Mascot of the University of Wisconsin–Madison

Buckingham U. "Bucky" Badger is the official mascot of the University of Wisconsin–Madison. The mascot is a badger because the state's lead miners "lived like badgers" in underground tunnels to stay warm during the winter. The mascot attends major sporting events for the Wisconsin Badgers and other events in Wisconsin.

==Origin==
The most familiar portrayal of Bucky Badger, wearing a "W" varsity sweater with white and red stripes and strutting forward with a fierce expression, was drawn by California-based commercial artist Art Evans in 1940, and first sold from Duffy's Book Store in Madison. A popular version of Bucky sporting boxing gloves was first drawn by hometown Madison artist Thomas Spiece. An actual badger from Eau Claire was used at the first few football games that year, but proved to be too fierce to be controlled properly and was retired to the nearby Henry Vilas Zoo.

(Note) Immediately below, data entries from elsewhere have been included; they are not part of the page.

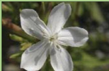
Σε δροσερά σημεία τα φυτά ανθίζουν και το καλοκαίρι.

βιοποικιλότητα της περιοχής. Συχνά ακούμε για τα πουλιά και τις θαλάσσιες κελώνες του Λακωνικού, όμως ο Ευρώτας έχει πολλά περισσότερα αξιοθαύμαστα. Δύο από τα ιδιαίτερα χαρακτηριστικά του ποταμού - που λαμβάνουν μάλλον λιγότερη διαφήμιση - είναι τα ψάρια και τα παρόχθια δάση του.
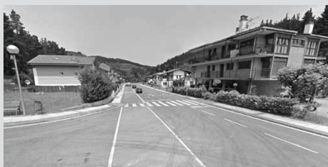
Kuartuena urbanizazioan jolas-parkea egingo da.

Hurrenez hurren, Kuartuena urbanizazioan jolas-parkea egingo da eta Apotzaga auzoko jolas-parkea konponduko da, besteak beste.
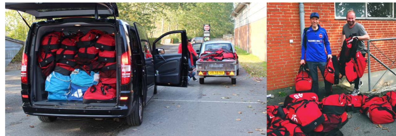
Udover de mange sæt spillertøj som blev fundet frem fra kælderens, var donationen suppleret af sportstøj og fodboldstøvler fra HA85' medlemmer. Den store mængde udstyr blev i september hentet i Hvinningdal, hvorefter det omlastes til en container mod Gambia.
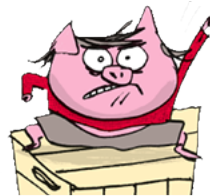
Léon le Che des verrats
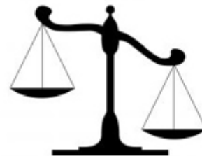
Figuur 4: Gedogen, een afweging van belangen

Voor het gedeelte dat gedoogd wordt, dient er sprake te zijn van een bijzondere omstandigheid zoals bij de 'reguliere' gedoogbeschikking. Met andere woorden het toetsingskader van het gedoog gedeelte van de partiële handhavingbeschikking is identiek aan dat van de gedoogbeschikking; namelijk passend binnen het gedoogkader. De regel blijft dus dat een handhavingsbesluit gericht moet zijn op het volledig beëindigen of ongedaan maken van (de gevolgen van) een overtreding, tenzij er sprake is van 'bijzondere omstandigheden'.
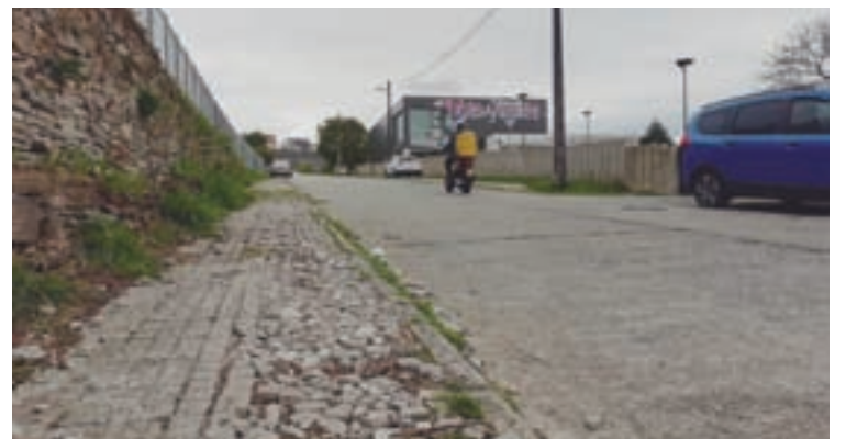
A rúa Xesús Bal e Gai de Lugo

“Así mesmo, denunciamos en numerosas ocasións a falta de seguridade que supón o tapón urbanis-
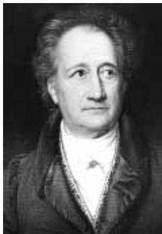
Johann Wolfgang von Goethe

Diese Ideale traten in Frankreich in tumultuarischer Weise auf und führten im Strudel der übereilten und forcierten Entwicklung zunächst zum Gegenpol
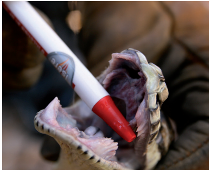
▲ Le serpent a été observé avant d'être emmené

After that, the school replaced the live badger with a live raccoon named Regdab ('badger' backwards). In 1948, a UW-Madison art student, Carolyn (Connie) Conrard was asked to create a papier-mâché Bucky head-piece. A UW-Madison Gymnast and cheerleader, Bill Sagal, wore the outfit at the homecoming game and a contest was started to name the mascot properly. The winning entry was Buckingham U. Badger, coming from the fight song urging the football team to "buck right through that line." A common misconception is that Bucky's middle name is Ulysses, but as stated by the Wisconsin Alumni Association, "the U. stands for U; it’s his full middle name."' Bucky has been maintained over the years, even surviving a threat by the assistant attorney general, Howard Koop, who suggested that Henrietta Holstein, a loveable cow, replace Bucky.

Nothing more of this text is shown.